## Prompt
Begin at the line that holds "Матч 10-го туру" and copy each line exactly until the data below ends, including that last line but no pictures.

## Dataset section
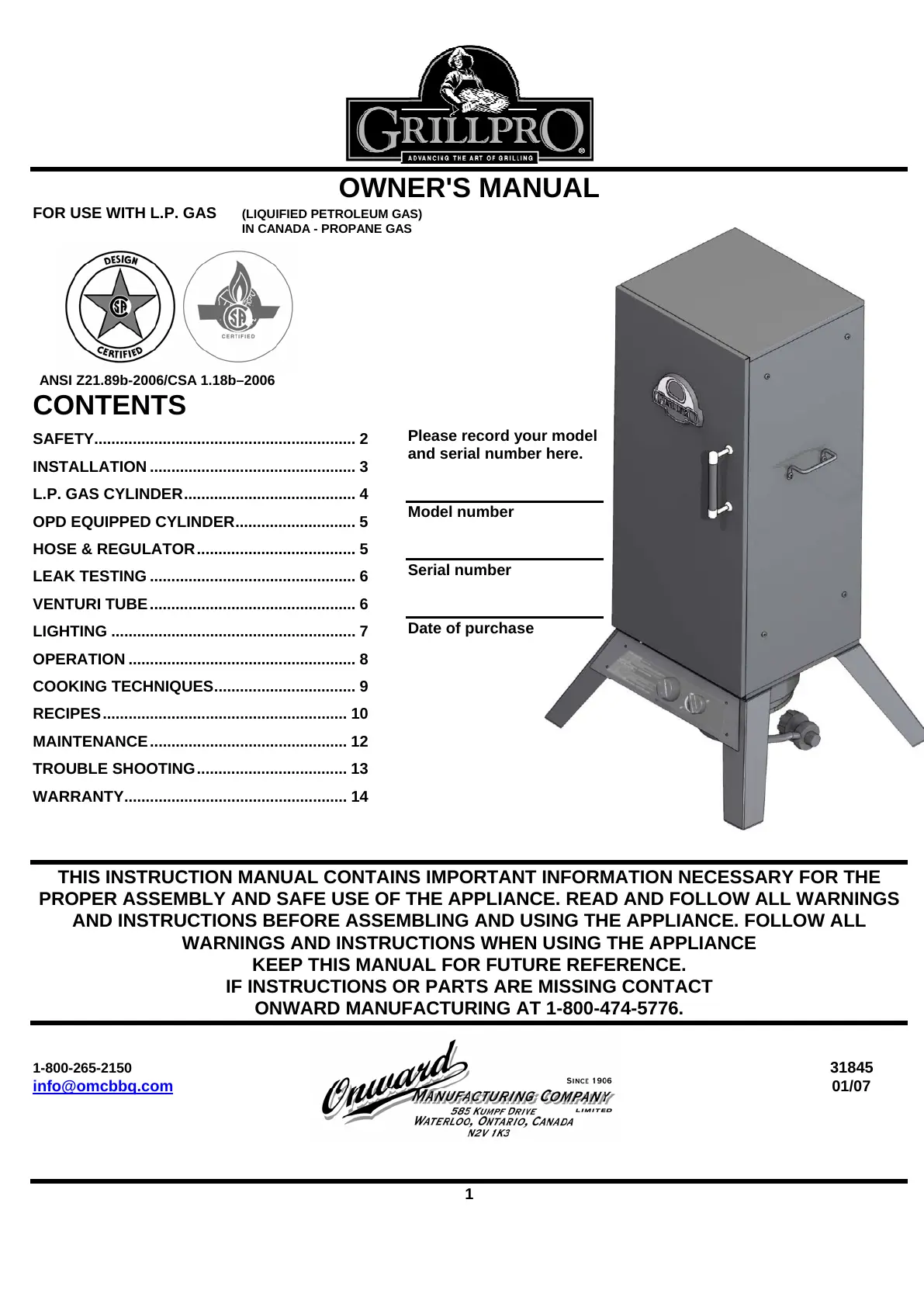 ONWARD MANUFACTURING AT 1-800-474-5776.
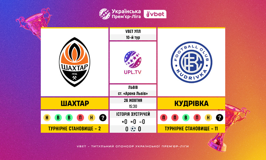 Матч 10-го туру VBET Української Прем’єр-Ліги «Шахтар» — «Кудрівка»: статистичне прев’ю
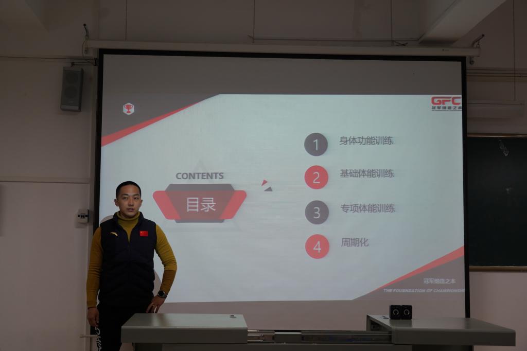 为培养全院师生的体育技能,促进我院自行车运动健康发展。体育教学部于11月15日晚19:00在我院清镇校区悦知楼L006教室特邀贵州省山地自行车队总教练陆正虎、体能教练王安冉为我院17名教师进行自行车教练员培训。
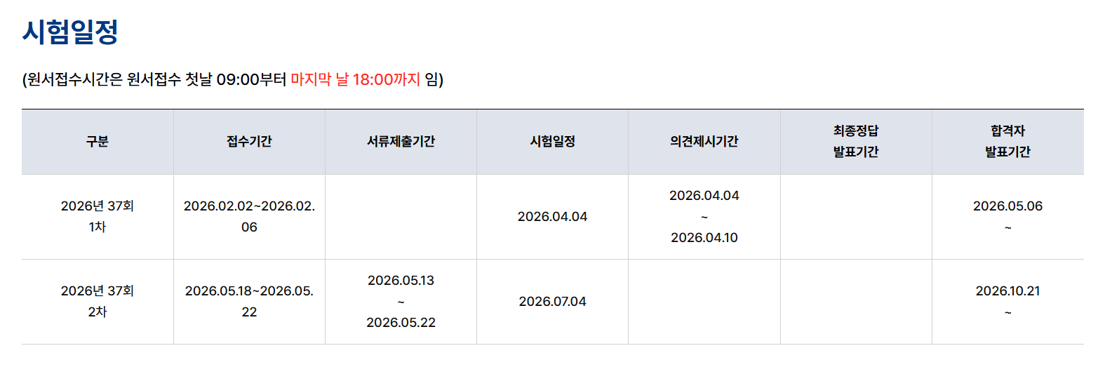 1차 시험 원서접수는 2026년 2월 초에 진행되며, 시험일은 2026년 4월 4일로 공지되었습니다. 1차 합격자 발표는 2026년 5월 6일 이후 이루어질 예정입니다.

## Problem solution
 Матч 10-го туру VBET Української Прем’єр-Ліги «Шахтар» — «Кудрівка»: статистичне прев’ю
 为培养全院师生的体育技能,促进我院自行车运动健康发展。体育教学部于11月15日晚19:00在我院清镇校区悦知楼L006教室特邀贵州省山地自行车队总教练陆正虎、体能教练王安冉为我院17名教师进行自行车教练员培训。
 1차 시험 원서접수는 2026년 2월 초에 진행되며, 시험일은 2026년 4월 4일로 공지되었습니다. 1차 합격자 발표는 2026년 5월 6일 이후 이루어질 예정입니다.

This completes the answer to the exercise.